Symbolic Regression via Neural-Guided Genetic Programming Population Seeding

TL;DR

This paper presents a hybrid neural-guided and genetic programming approach for symbolic regression, which improves expression recovery rates and introduces more challenging benchmark problems.

Contribution

A novel hybrid method that uses neural guidance to seed genetic programming populations, enhancing symbolic regression performance.

Findings

Recovered 65% more expressions than previous top models.

Running multiple genetic programming generations without neural guidance performs better.

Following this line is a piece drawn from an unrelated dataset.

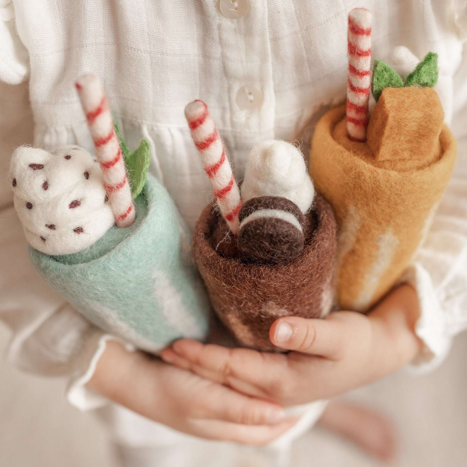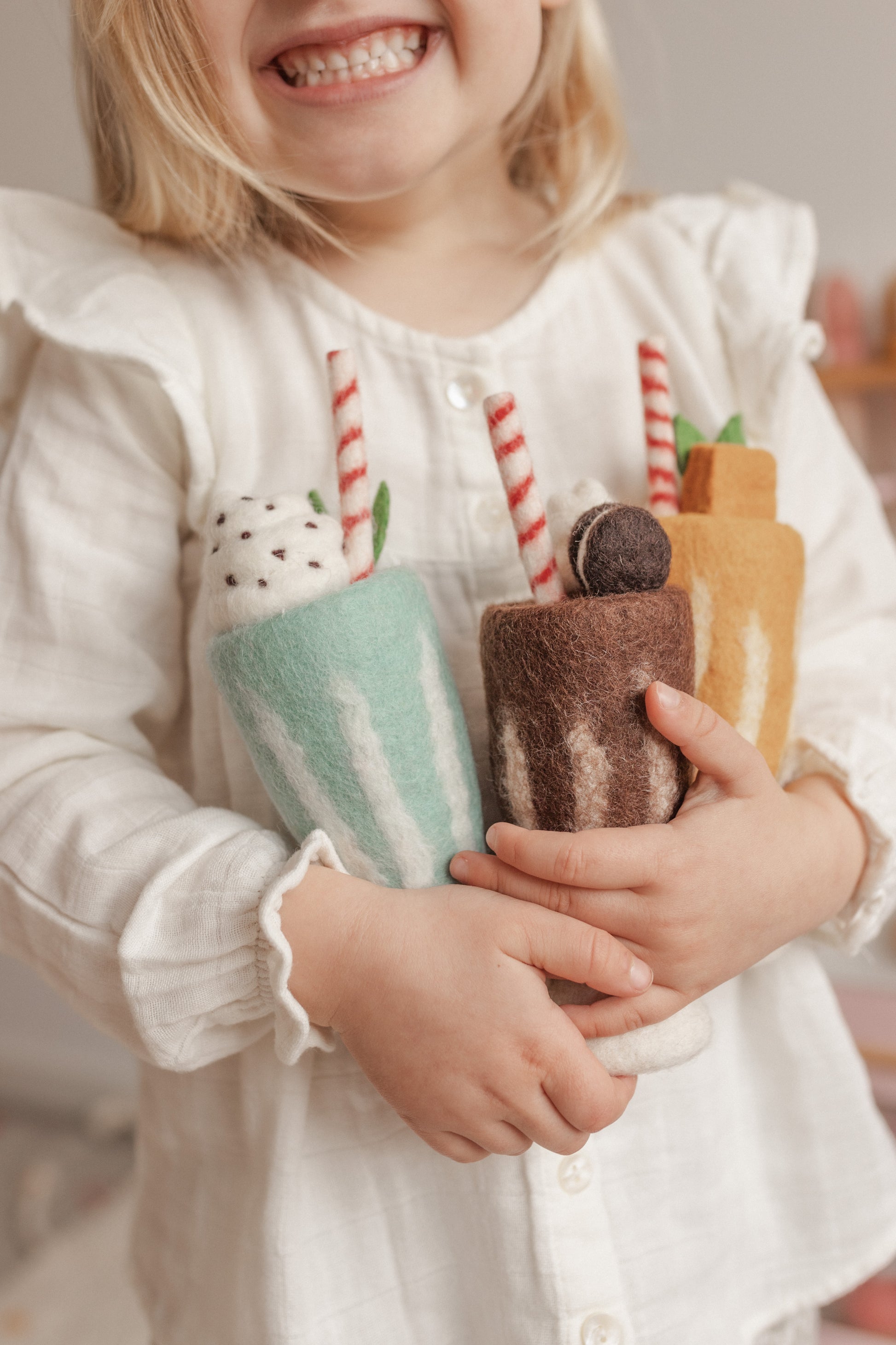 Our Milkshakes are hand drawn and designed in Melbourne by Juni Moon©️ and carefully hand made by our team of artisans, using the highest quality New Zealand wool and using Azo-free dyes that comply with all international safety standards and deemed safe for children.

Introduced 22 new, more difficult benchmark problems.

Abstract

Symbolic regression is the process of identifying mathematical expressions that fit observed output from a black-box process. It is a discrete optimization problem generally believed to be NP-hard. Prior approaches to solving the problem include neural-guided search (e.g. using reinforcement learning) and genetic programming. In this work, we introduce a hybrid neural-guided/genetic programming approach to symbolic regression and other combinatorial optimization problems. We propose a neural-guided component used to seed the starting population of a random restart genetic programming component, gradually learning better starting populations. On a number of common benchmark tasks to recover underlying expressions from a dataset, our method recovers 65% more expressions than a recently published top-performing model using the same experimental setup. We demonstrate that running many genetic programming generations without interdependence on the neural-guided component performs better for symbolic regression than alternative formulations where the two are more strongly coupled. Finally, we introduce a new set of 22 symbolic regression benchmark problems with increased difficulty over existing benchmarks. Source code is provided at www.github.com/brendenpetersen/deep-symbolic-optimization.